Hiring key writing and producing personnel from The Onion, The Daily Show broke big covering the Bush-Gore presidential contest, indelibly entitled “Indecision 2000.” “The recount was where we suddenly began to feel like we were connecting with everything we could do,” Stewart told Variety. “That’s when I think we tapped into the emotional angle of the news for us and found our editorial footing.”
Emotion and editorializing also melded memorably after the World Trade Center attacks in 2001. Stewart returned to the air on September 20 with a passionate monologue. He started with a laugh—“They said to get back to work. There were no jobs available for a man in the fetal position under his desk crying”—but he finished with a touching observation. “The view from my apartment was the World Trade Center and now it’s gone. They attacked it. This symbol of American ingenuity and strength and labor and imagination and commerce and it is gone,” he said. “But you know what the view is now? The Statue of Liberty…you can’t beat that.”

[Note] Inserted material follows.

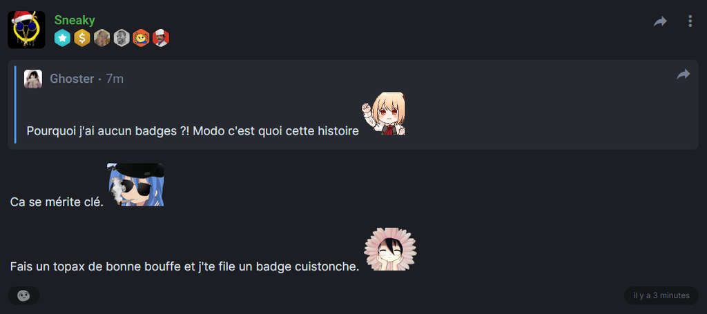 Les badges c'est bon délire, aucun privilège ou quoi c'est juste une question de montrer que t'appartirns à ici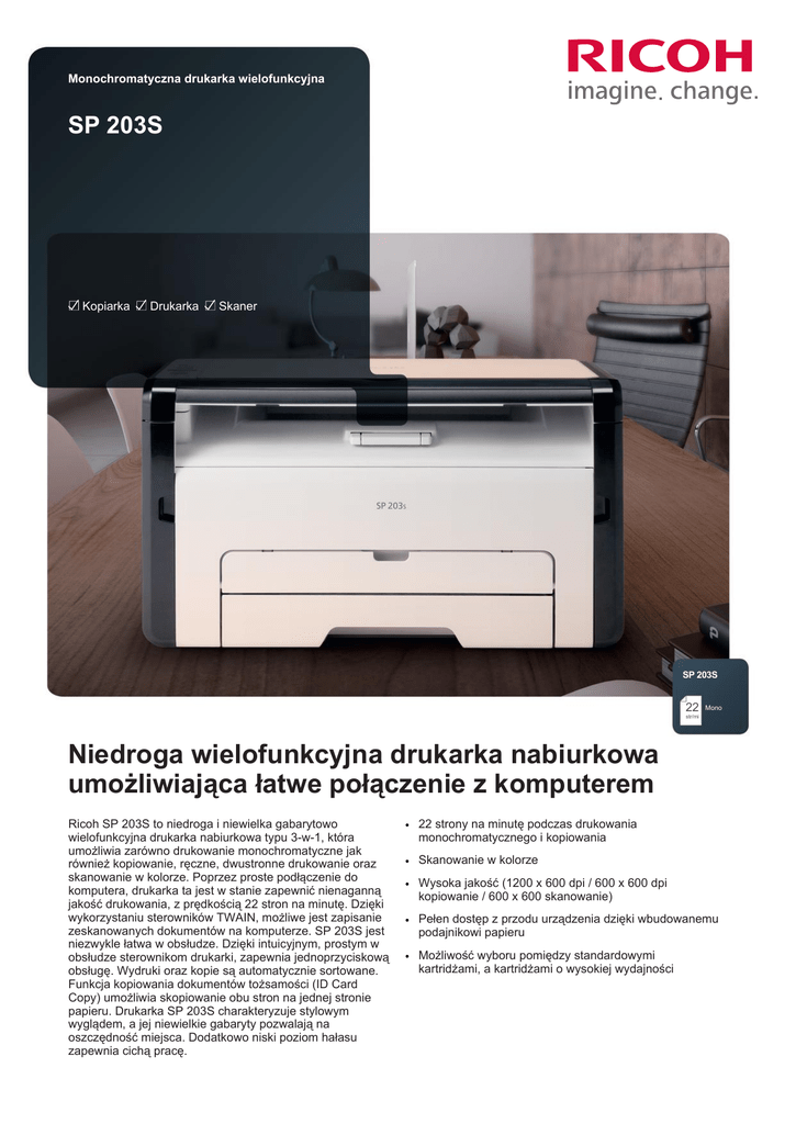Monochromatyczna drukarka wielofunkcyjna SP 203S Kopiarka Drukarka Skaner SP 203S 22 Mono str/mi Niedroga wielofunkcyjna drukarka nabiurkowa umożliwiająca łatwe połączenie z komputerem Ricoh SP 203S to niedroga i niewielka gabarytowo wielofunkcyjna drukarka nabiurkowa typu 3-w-1, która umożliwia zarówno drukowanie monochromatyczne jak również kopiowanie, ręczne, dwustronne drukowanie oraz skanowanie w kolorze. Poprzez proste podłączenie do komputera, drukarka ta jest w stanie zapewnić nienaganną jakość drukowania, z prędkością 22 stron na minutę. Dzięki wykorzystaniu sterowników TWAIN, możliwe jest zapisanie zeskanowanych dokumentów na komputerze. SP 203S jest niezwykle łatwa w obsłudze. Dzięki intuicyjnym, prostym w obsłudze sterownikom drukarki, zapewnia jednoprzyciskową obsługę. Wydruki oraz kopie są automatycznie sortowane. Funkcja kopiowania dokumentów tożsamości (ID Card Copy) umożliwia skopiowanie obu stron na jednej stronie papieru. Drukarka SP 203S charakteryzuje stylowym wyglądem, a jej niewielkie gabaryty pozwalają na oszczędność miejsca. Dodatkowo niski poziom hałasu zapewnia cichą pracę. 22 strony na minutę podczas drukowania monochromatycznego i kopiowania Skanowanie w kolorze Wysoka jakość (1200 x 600 dpi / 600 x 600 dpi kopiowanie / 600 x 600 skanowanie) Pełen dostęp z przodu urządzenia dzięki wbudowanemu podajnikowi papieru Możliwość wyboru pomiędzy standardowymi kartridżami, a kartridżami o wysokiej wydajności Specyfikacja główna SP 203S Gramatura papieru: OGÓLNE Czas nagrzewania: 25 sekund Prędkość wykonania pierwszej kopii: Prędkość wydruku ciągłego: 10 sekund 22 stron na minutę EKOLOGIA Wymiary (szer. x gł. x wys.): 402 x 360 x 249 mm Pobór mocy: Waga: 8,9 kg Źródło zasilania: 220 - 240 V, 50/60 Hz Standardowa/e kaseta/y na papier: 60 - 105 g/m² Taca ręczna: 60 - 105 g/m² Maksymalnie: 400 W Tryb uśpienia: 5 W MATERIAŁY EKSPLOATACYJNE KOPIARKA Proces kopiowania: Skanowanie wiązką lasera i druk elektrofotograficzny Kopiowanie wielokrotne: Do 99 kopii Rozdzielczość: 600 x 600 dpi Zoom: Od 25% do 400% co 1% Pojemność kartridża All-in-one (mała wydajność): Pojemność kartridża All-in-one (duża wydajność): Czarny: 1 500 wydruków Czarny: 2 600 wydruków DRUKARKA RAM: 16 MB Język drukarki: Standardowo: DDST (GDI) Rozdzielczość drukowania: 1 200 x 600 dpi Interfejs: USB 2.0 Środowiska Windows®: Windows® XP, Windows® Vista, Windows® 7, Windows® 8, Windows® Server 2003, Windows® Server 2008, Windows® Server 2008R2, Windows® Server 2012 SKANER Prędkość skanowania: Pełnokolorowe: Maksymalnie 6,5 oryginałów na minutę Mono: Maksymalnie 13 oryginałów na minutę Rozdzielczość: Maksymalnie: 600 dpi Rozmiar oryginału: A4 Sterowniki standardowe: Sieciowy TWAIN OBSŁUGIWANY PAPIER Zalecany rozmiar papieru: Standardowa/e kaseta/y na papier: A4, A5, A6, B5, B6 Taca ręczna: A4, A5, A6, B5, B6 Pojemność wejściowa papieru: Maksymalnie: 151 arkuszy Pojemność wyjściowa papieru: Maksymalnie: 50 arkuszy Certyfikaty ISO9001, ISO14001, ISO27001 Wszystkie marki i/lub produkty są nazwami handlowymi ich właścicieli. Specyfikacja i wygląd zewnętrzny mogą ulec zmianie bez uprzedniej informacji. Kolor produktu może różnić się od przedstawionego w broszurze. Zdjęcia w broszurze nie są prawdziwymi fotografiami i w wyglądzie mogą pojawić się niewielkie różnice. www.ricoh-europe.com Copyright © 2013 Ricoh Europe PLC. All rights reserved. Broszura, jej zawartość i/lub wygląd nie mogą być zmieniane, adoptowane, kopiowane w części i/lub całości ani używane w innych opracowaniach bez pisemnej zgody Ricoh Europe PLC.

Once the satirical apparatus cranked up again, The Daily Show found the W years to be a gold mine for comedy. Ratings soared, the program began amassing Peabody Awards and Emmys, and its host rapidly became a household name; in households with residents under 30, anyway. At one point the Pew Research Center determined that Stewart was the fourth-most admired journalist in America, despite being the managing editor of what he freely admitted was “a fake-news program.”
The dichotomy was fascinating. By 2010, the ostensibly self-deprecating Stewart felt secure enough in his fake-newsman-hood to cohost (with Stephen Colbert) an astonishing live event on the Capitol Mall called The Rally to Restore Sanity.
Meant to poke fun at nut job Glenn Beck’s pre-election Mall circus, the event instead became a weird celebration of Stewart’s perceived moral authority, masking as a political rally. There were 200,000 people on hand to cheer their heroes, but the 2010 midterm elections, held the next week, were still a resounding beatdown for Democrats.
Later that same year, Stewart devoted an entire program to supporting a bill pledging federal funds to 9/11 responders’ health care, a bill being filibustered by GOP senators. That advocacy journalism—or advocacy satire, if you will— was cited as a prime reason for the eventual passage of the bill, leading The Times to suggest that Stewart might be the modern equivalent of Edward R. Murrow.
Like him or loathe him, there is no doubt that Jon Stewart is a complicated guy, much like David Letterman, who retired earlier this year. Much of the editorial hooraw over Letterman’s departure was based on nostalgia, since it was generally agreed that Dave hadn’t done anything comedically interesting in a decade or so. However, losing Jon Stewart has less to do with the past than the future.
Having Stewart’s sad, sallow face on our screens four days a week for the past 16 years has offered vital continuity in a tempestuous political climate. More importantly, perhaps, he has provided context by way of comedy, using the darkest humor to illumine the idiocy inherent in our public policy. We’re going to miss that during the interminable, enervating process that will result in the inauguration of President Trump.
Godspeed, Jon Stewart. Good luck, Trevor Noah.